Source data:
%%
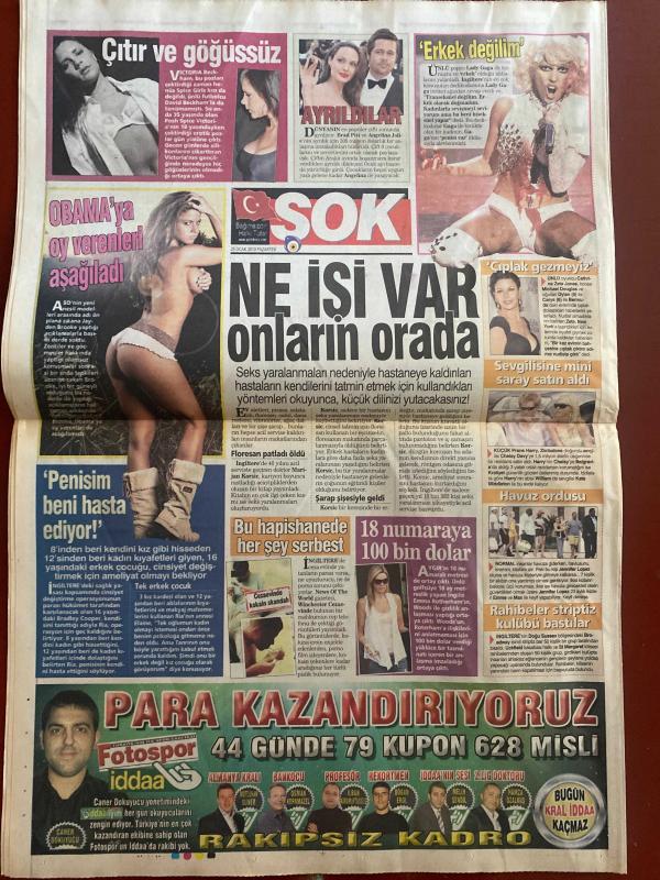 ŞOK GAZETESİ DOĞUM GÜNÜ HEDİYESİ - 25 OCAK 2010 - TAM TAKIM 12 SAYFADIR -Tuğba-Gaye Sökmen-Victoria Beckham-Angelina Jolie-Brad Pitt-Lady Gaga-Deniz Çakır-Sema Öztürk-Cem Davran-Irıska-Hulusi Tunca-Cüppeli Mahsun Hoca-Tuba Büyüküstün-Cansel Elçin-Sinem Kobal-Arda Turan-Oya Başar-Hülya Avşar-Kadir İnanır-Güzide Duran-Beren Saat-Levent Semerci-Nihal Yalçın-Berkcan Güven-Ayça Çağla Altunkaya-Sinem Öztürk-Kenan İmirzalıoğlu-Hülya Avşar-Merve Boluğur-Burcu Kara-Hakan Ural-Gülşen-Mustafa Sandal-Hande Yener-Özgü Namal-Hüseyin Özden-Tuğba Büyüküstün Tüm dersleri 5 yaşamı sıfır-Bu aşklar rol değil gerçek-Filmimizi istismar etti-Krize rağmen ticarete atıldılar-Kimi donar kimi yanar-Bu kalp seni unutur mu-Ne işi var onların orada-Kar tanelerinin sorumlusu benim-Aptal muhabirin yalan bir haberi-Kimi donar kimi yanar-Çarşamba donduracak-Zeynep-Tak-Tak Naci adlı eser, Kitap > Süreli Yayınlar > Gazeteler > Türkiye > Genel > Günlük kategorisinde İkinci El olarak satıştadır.
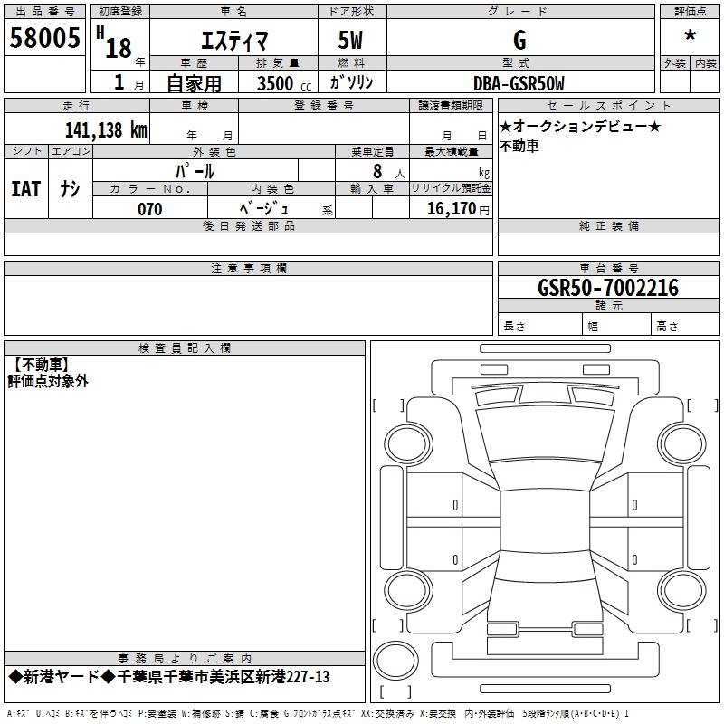 TOYOTA ESTIMA - лот 58005
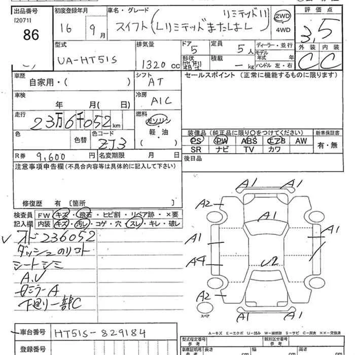 Suzuki SWIFT с аукциона Японии JU Niigata лот № 86
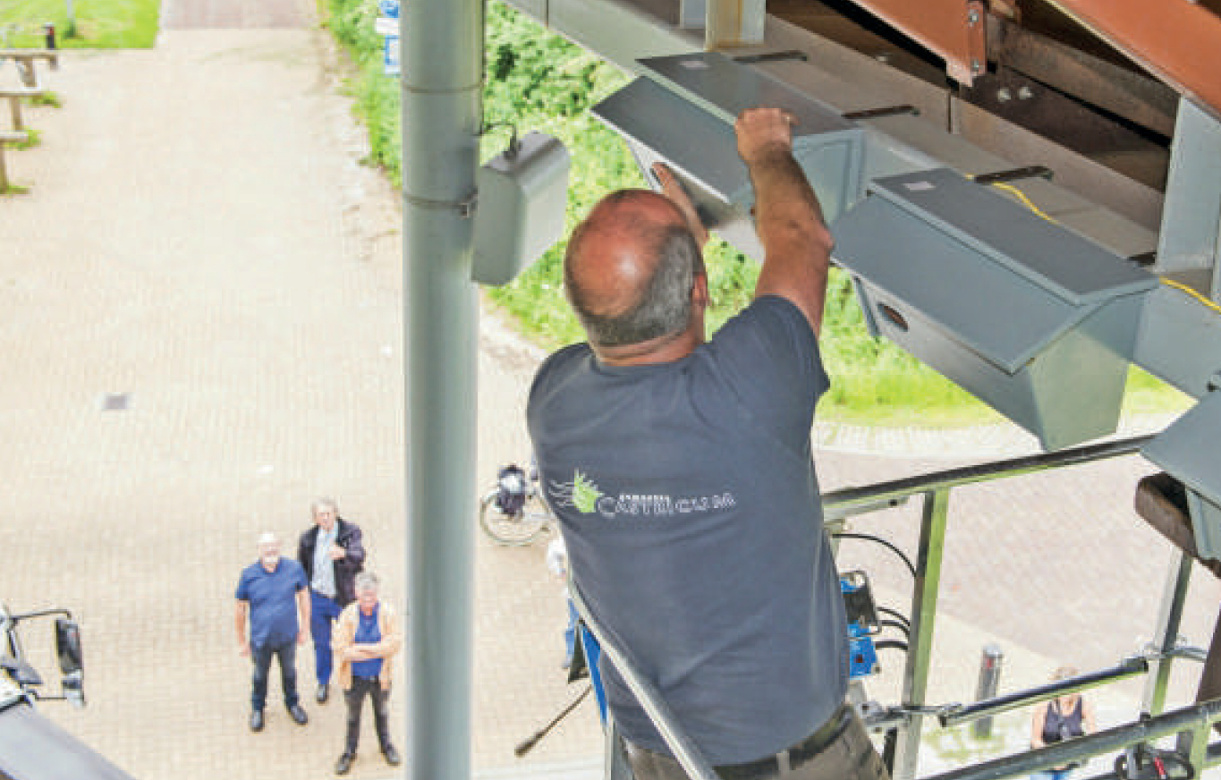 opgehangen op 11,5 meter hoogte. De kastjes zijn voorzien
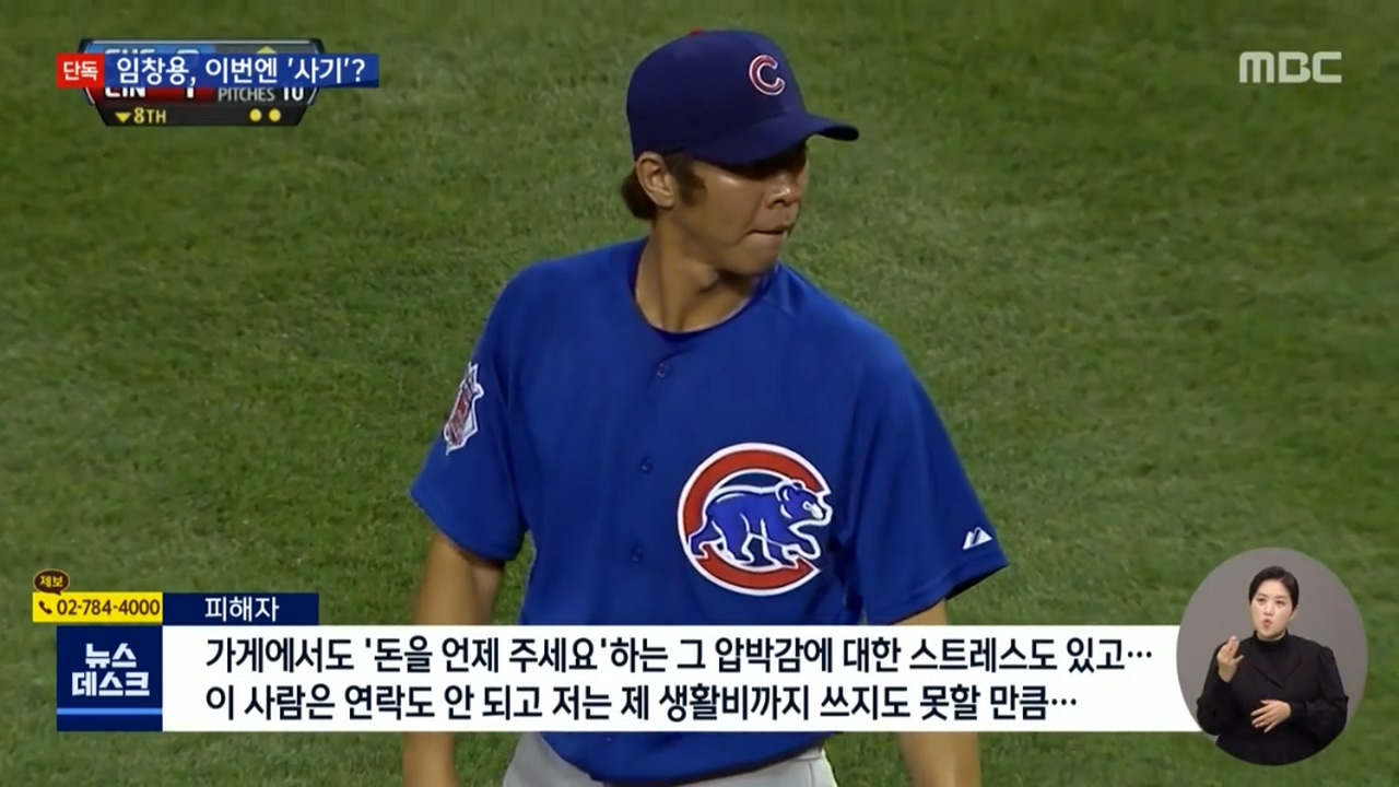 지난해 12월 임창용이 입건된 사실이 알려졌을 당시 피해 여성 A씨는 MBC 뉴스데스크 보도를 통해 "임씨가 사업상 필요하다며 '3시간만 쓰고 갚겠다'고 해 돈을 빌려줬지만 한 달 뒤 1000만원만 갚은 뒤 연락이 닿지 않고 있다"고 주장했습니다.
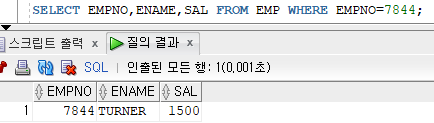 EMP 테이블에서 사원번호가 7844인 사원의 사원번호,사원이름,급여 검색
%%
Work instruction:
Each entry above must be restated word for word; the pictures stay out of the copy.

Task output:
 ŞOK GAZETESİ DOĞUM GÜNÜ HEDİYESİ - 25 OCAK 2010 - TAM TAKIM 12 SAYFADIR -Tuğba-Gaye Sökmen-Victoria Beckham-Angelina Jolie-Brad Pitt-Lady Gaga-Deniz Çakır-Sema Öztürk-Cem Davran-Irıska-Hulusi Tunca-Cüppeli Mahsun Hoca-Tuba Büyüküstün-Cansel Elçin-Sinem Kobal-Arda Turan-Oya Başar-Hülya Avşar-Kadir İnanır-Güzide Duran-Beren Saat-Levent Semerci-Nihal Yalçın-Berkcan Güven-Ayça Çağla Altunkaya-Sinem Öztürk-Kenan İmirzalıoğlu-Hülya Avşar-Merve Boluğur-Burcu Kara-Hakan Ural-Gülşen-Mustafa Sandal-Hande Yener-Özgü Namal-Hüseyin Özden-Tuğba Büyüküstün Tüm dersleri 5 yaşamı sıfır-Bu aşklar rol değil gerçek-Filmimizi istismar etti-Krize rağmen ticarete atıldılar-Kimi donar kimi yanar-Bu kalp seni unutur mu-Ne işi var onların orada-Kar tanelerinin sorumlusu benim-Aptal muhabirin yalan bir haberi-Kimi donar kimi yanar-Çarşamba donduracak-Zeynep-Tak-Tak Naci adlı eser, Kitap > Süreli Yayınlar > Gazeteler > Türkiye > Genel > Günlük kategorisinde İkinci El olarak satıştadır.
 TOYOTA ESTIMA - лот 58005
 Suzuki SWIFT с аукциона Японии JU Niigata лот № 86
 opgehangen op 11,5 meter hoogte. De kastjes zijn voorzien
 지난해 12월 임창용이 입건된 사실이 알려졌을 당시 피해 여성 A씨는 MBC 뉴스데스크 보도를 통해 "임씨가 사업상 필요하다며 '3시간만 쓰고 갚겠다'고 해 돈을 빌려줬지만 한 달 뒤 1000만원만 갚은 뒤 연락이 닿지 않고 있다"고 주장했습니다.
 EMP 테이블에서 사원번호가 7844인 사원의 사원번호,사원이름,급여 검색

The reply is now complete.